WHEN|WHERE Tonight at 10 on ABC/7

WHAT IT'S ABOUT This new eight-part series takes cameras inside (and out) of New York Presbyterian's Weil Cornell and Columbia Medical Centers. It's another in the series by veteran ABC News producer Terry Wrong, who's done similar you-are-there profiles at other great medical institutions, such as Johns Hopkins and Massachusetts General. The first episode features Rhonda Fernandez of Farmingville, who undergoes surgery for a brain tumor while awake. Also shown tonight performing heart surgery is Dr. Mehmet Oz who -- when he's not starring in his own show or writing bestsellers -- is chief of the hospital's prestigious Cardiovascular Institute and Complementary Medicine Program.

MY SAY Anyone who has ever had any dealings with New York Presbyterian knows what a spectacular institution this is and that many of the surgeons here are world leaders in their fields. Could there be any more exciting a subject for an unscripted series than this?

Nope, and "NY Med" brings it all home with power, beauty, insight and a degree of emotion that's an occasional sharp uppercut to the jaw.

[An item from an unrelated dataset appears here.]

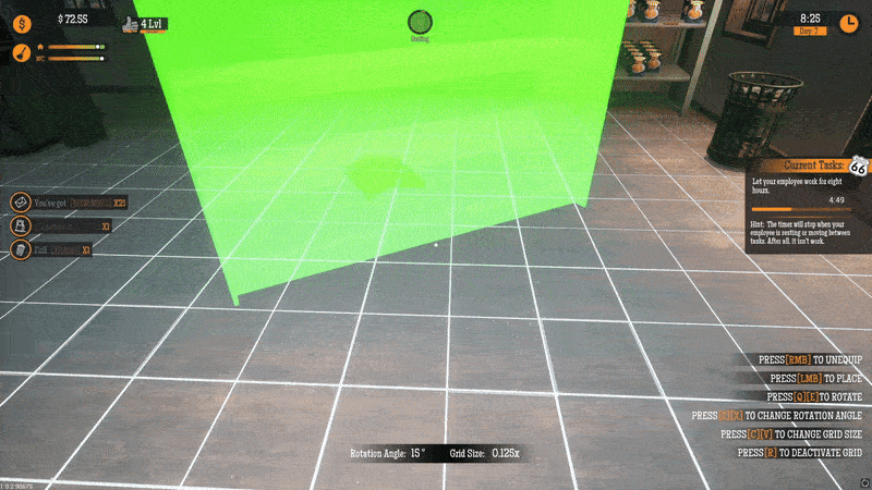 Welcome to another Gas Station Simulator update. Recently we’ve shed some light about the long-awaited Shady Deals DLC, so if you would like to dive into the details, you can check it out by clicking [url=https://store.steampowered.com/news/app/1149620/view/4065130635420574849]this link[/url]. Today, I’ve got some exciting stuff to share – the much-anticipated “Snap to Grid” feature is right now available for you, which means customizing your station will become much, much easier and more precise from now on. With a snap to grid you can adjust the angle of rotation and a grid size. Check the gifs below to see how it looks in the game.

"NY Med" is unscripted storytelling at its best, but it certainly helps to have the right components for this kind of story, notably the nurses and doctors (and not just that wizard Oz, either) and a stream of humanity at its most vulnerable. There are a few transplant stories crafted for maximum emotional impact, though an unexpectedly poignant moment arrives in the third episode when an elderly woman named Virginia, suffering from alcohol poisoning, dies in the ER. She's a "frequent flier" -- a frequent patient of years' standing -- and it's the nurses' moment to cry when she's bagged. Wrong and his production team bring these stories into such sharp relief that it's impossible not to become invested in them on some visceral level. You will get to know ER nurses such as Diana Costine, Katie Duke and Marina Dedivanovic, and doctors such as Sebastian Schubl, Anthony Watkins and Arundi Mahendran. You will also admire them -- especially their heart and passion -- which makes this not just uplifting TV but very nearly inspirational as well.

BOTTOM LINE Beautiful and often moving.